Windows Live Hotmail: In other words, Hotmail. All the power to the guy who invented Hotmail and blew open the doors to internet communication, its just too bad Microsoft has since ruined Hotmail by first a) not improving it for the first five years after acquiring it and b) by handing the renovation project over to a bunch of monkeys who insist on making it look more like Windows, only slower. Just like anything else webby, Microsoft was late in pumping out a proper email platform and when it finally did, it forgot to copy Gmail properly. Instead it took the approach of copying Gmail and at the same time keeping components of the already crappy Hotmail intact. Bad move. I don’t want to right click to select multiple messages, we do that with checkboxes on the web. The Spam filtering is still brutal and the emails that you actually want to receive end up in the Junk folder (something that has NEVER happened to me with Gmail) or you’re forced to click pointless buttons like “Show Content” and “Mark as Safe” even for emails sent by your Mom. The interface shifts more often than Alberto Gonzales and 20% of the screen is taken up by an ad. The concept of tags still hasn’t caught on and you’re forced into segregating content into folders. If you have any integrity you should stop using Hotmail.

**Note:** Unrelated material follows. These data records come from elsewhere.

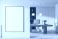 • Minimalist office interior with blank framed poster mockup on clean wall and modern workspace in bright neutral tones and wood texture backdrop. 3D Rendering
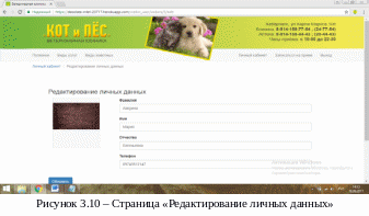 На ней отображаются персональные данные, которые можно редактировать с помощью нажатия кнопки «Редактировать» (рисунок 3.10).
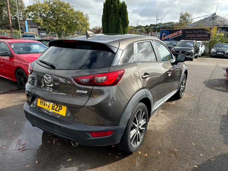 Mazda CX-3 2.0 Sport in metallic grey. An absolutely stunning example here, in awesome condition both inside and out, looks and drives like a car that's covered half the miles. This 2017 model features a powerful 2.0L petrol engine, providing an exhilarating driving experience while returning up to 57mpg. Huge spec too including Full Black Leather Upholstery, Heated Seats, Cruise Control, Climate Control, Reversing Camera, Bluetooth Hands Free, Bluetooth Audio Streaming, DAB Radio, Front & Rear Parking Sensors, Keyless Entry & Start, A/C, Alloy Wheels etc. Don't miss out on the opportunity to own this remarkable Mazda CX-3. For more information or to schedule a test drive, contact Coopers Car Sales today at 02921223506. Experience the perfect blend of style, comfort, and technology with the Mazda CX-3!
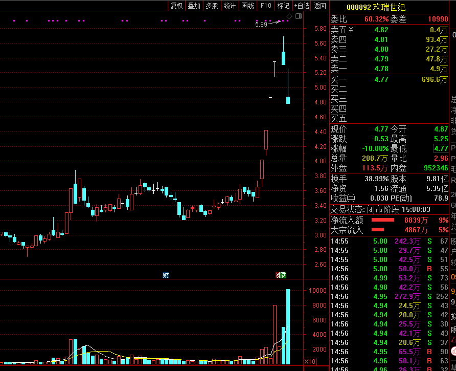 盘面上,欢瑞世纪今日放量跌停,为连续2个交易日跌停;在此之前,欢瑞世纪连续5个交易日涨停。
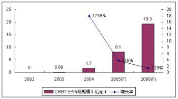 在運營商的大力推動和SP/CP的積極努力下,無線音樂市場從2004年起進入了井噴時期。CRBT業(yè)務具有的病毒式營銷特性使得CRBT業(yè)務的滲透率增長迅速,但其時尚特性又使得業(yè)務的滲透率高峰很容易達到、業(yè)務縱深有限。2005年,CRBT的SP市場規(guī)模增長率為376%,較上一年的高速增長有所回落。諾盛預計2006年運營商和SP/CP仍然會力推CRBT業(yè)務。在產(chǎn)業(yè)鏈積極推動和用戶滲透率高峰已經(jīng)逼近的雙重制約下,諾盛預計CRBT業(yè)務的SP市場規(guī)模增長率為138%,整體SP市場規(guī)模達到19.3億元。
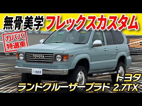 「2006年式 トヨタ ランドクルーザー プラド」がカババに登場!取材スタッフも驚くほど良好なコンディションに加え、フレックスによるカスタムが施され、他にはないレトロポップなあるデザインに仕上がった一台です。憧れのランドクルーザーに、個性と存在感を求める方にぜひおすすめしたい車両です!
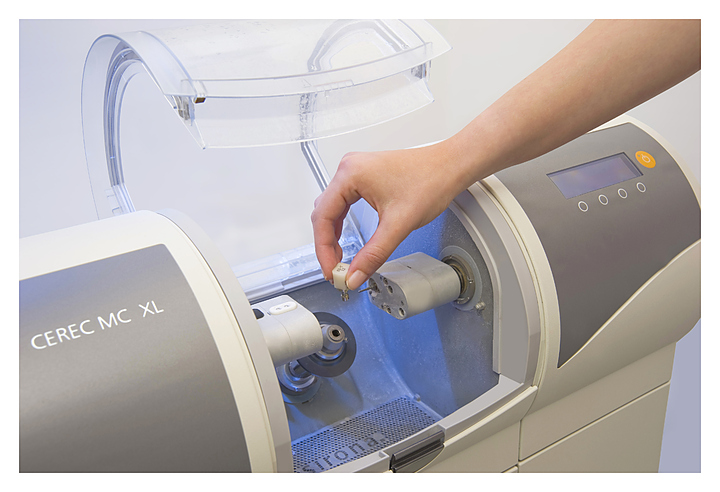 Шлифовально-фрезерный станок Dentsply Sirona inLab MC XL используется в зуботехнических лабораториях, стоматологических кабинетах и клиниках для изготовления вкладок, накладок, виниров и коронок. Модель оснащена холдером для инструментов и запасным набором с 4-мя шлифовальными фрезами, предназначенными для обработки разных материалов. Особенности:
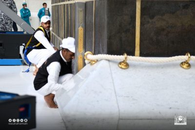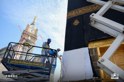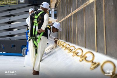 مكة المكرمة – بدأت الرئاسة العامة لشؤون المسجد الحرام والمسجد النبوي ممثلة في مجمع الملك عبدالعزيز لكسوة الكعبة المشرفة فك المذهبات استعداداً لإنزال الثوب القديم، وإكساء الكعبة بثوبها الجديد، جرياً على العادة السنوية، وسط منظومة متكاملة من الخدمات التي تراعي في مخرجاتها أعلى المعايير العالمية.
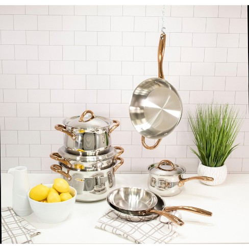 Berghoff Ouro Gold 11pc 18 10 Stainless Steel Cookware Set Rose Gold Handles Metal Lids Target
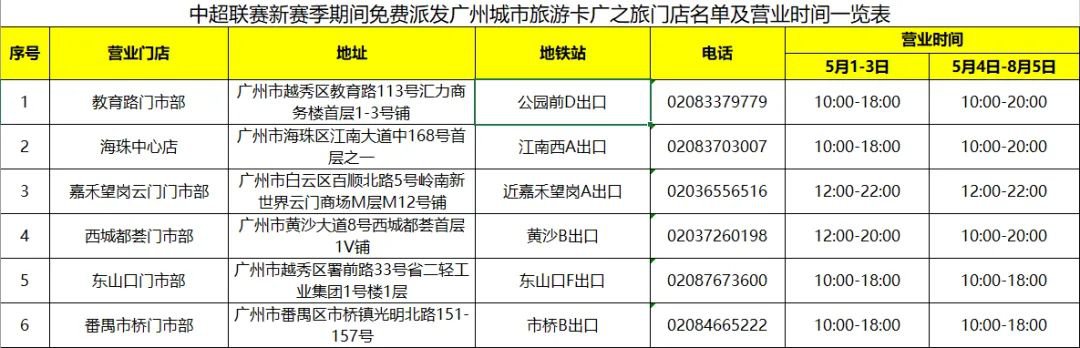 领卡方式:外地球迷抵穗48小时内,凭本人身份证、中超足球广州赛区电子门票,即可在广之旅指定门店免费领取该卡。
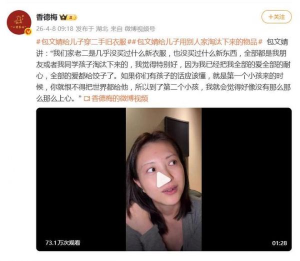 据4月8日网友爆料,包贝尔老婆演员包文婧在直播里的一番大实话,直接让“二胎养育差异”这个话题冲上了风口浪尖。她坦言自家二胎儿子“面条子”几乎没穿过新衣服,用的全是亲友孩子淘汰下来的旧物,并直言“全部的爱和耐心都给了大女儿饺子”,对第二个孩子“好像没有那么那么那么上心”。这番毫不掩饰的对比,瞬间在网友中炸开了锅。
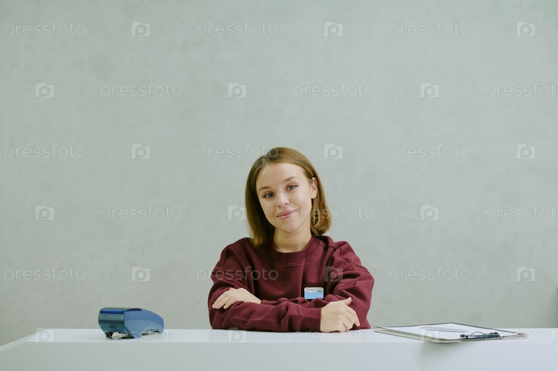 Работница, сидящая за столом
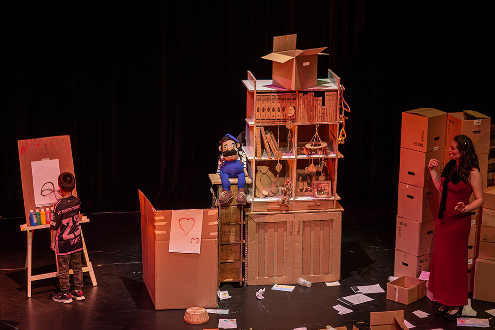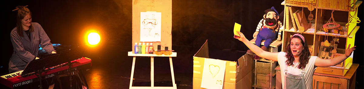 Het verhaal speelt zich af op een magische zolder met een schildersezel, piano en een hoop kartonnen dozen...

Windows Live Messenger: In other words, MSN. I still have a copy of 4.1 on my machine, see that’s where the product stopped being chatting software and turned into a slow and bloated commercial about other Microsoft services. Throw in links to date.com, some trashy horoscope sites, an MSN Today popup that should never have seen the light of day and you end up with Windows Live Messenger – the crappiest chatting software in the world. It must’ve been a slow year for Webware to select this piece of trash in their top 500. The problem with this thing is that it doesn’t know who its catering to so it tries to please everyone: huge emoticons, whiteboards, limits on how much an be typed, multiple contact groups, bulky user interface, games, celebrity gossip, all send mixes messages to someone who’s just trying to tell his wife to pick up some bread when coming back from work. Death to Messenger.

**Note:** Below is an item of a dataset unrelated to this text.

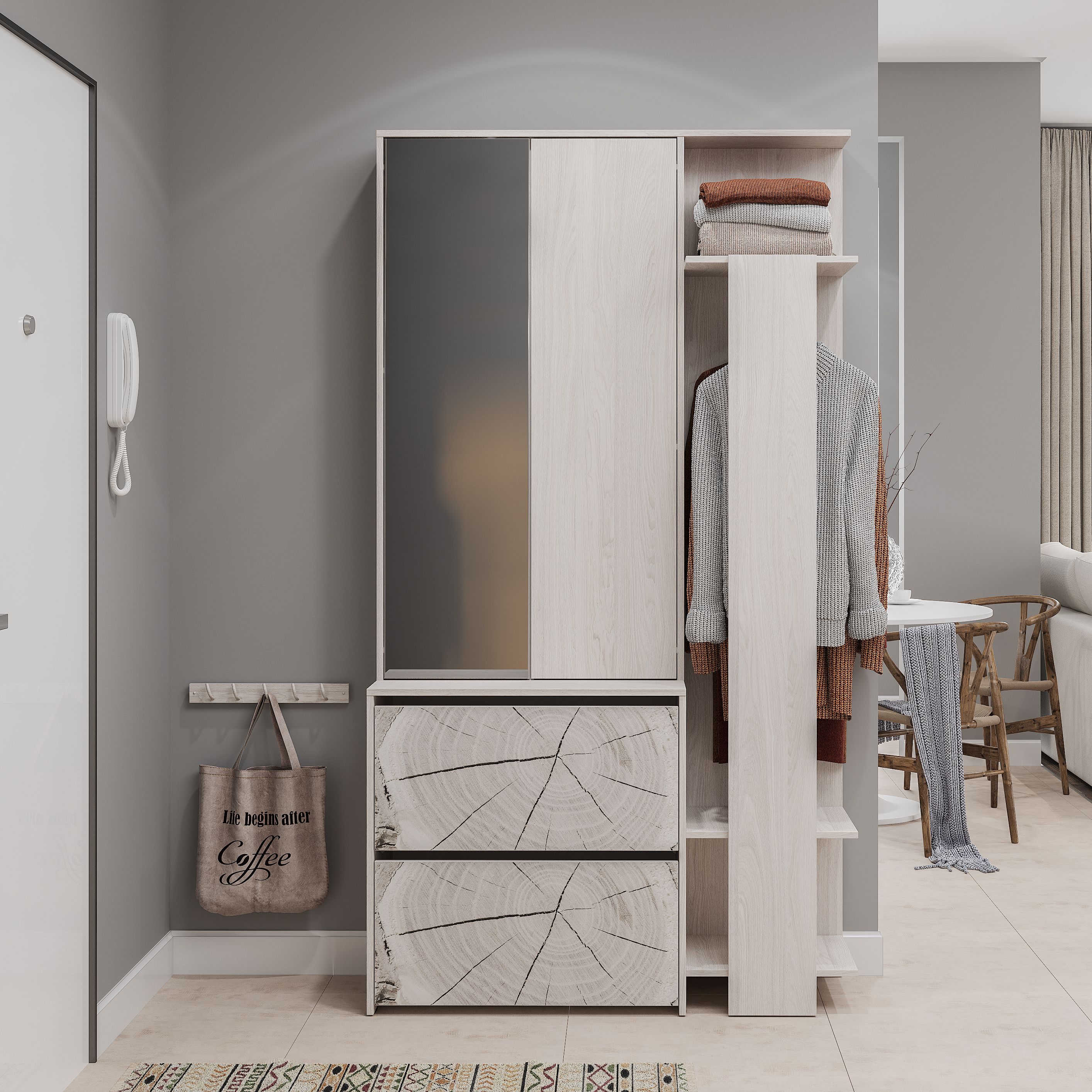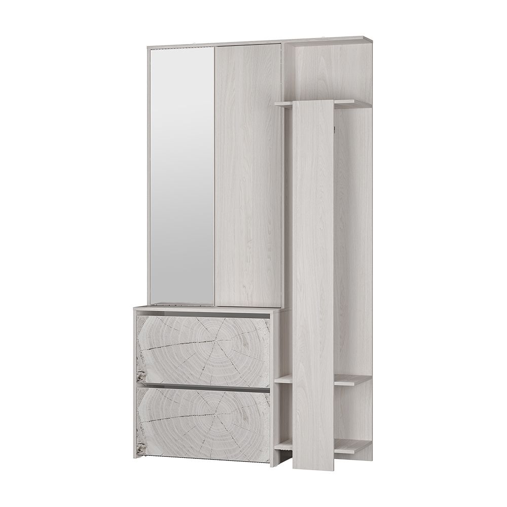 Прихожая "Россо" - модель, созданная для тех, кто ценит многофункциональность. "Россо" объединяет в себе все необходимые элементы прихожей: светлый цвет корпуса органично дополняет фасад с фотопечатью, имитирующей спил дерева.

Flickr: OK, you have to understand that unless you have a pro account Flickr is about as useless as an appendix. Here are some of the restrictions: only three albums allowed, 100MB upload per month and here’s the kicker: You can only display 200 images at any given point! The last restriction pretty much encapsulates the first two rendering the entire product worthless for anyone who takes say 10 pictures a month. So much for the “Flickr loves you” slogan, a more appropriate one would be “Buy the pro account!”. Sure there’s some nice stuff, RSS feeds and of the sort but if you’re going to spend your money, don’t give it to Yahoo, they’re rich enough. Try SmugMug which is vastly superior and run by people who genuinely care about your user experience (use vz6dRtcdUp91g as the coupon code to help a brother out). If you’re too cheap to spend money on photography storage, PhotoBucket is still better than Flickr. They don’t have a great uploader but thanks to the people at Flock, that’s been taken care of.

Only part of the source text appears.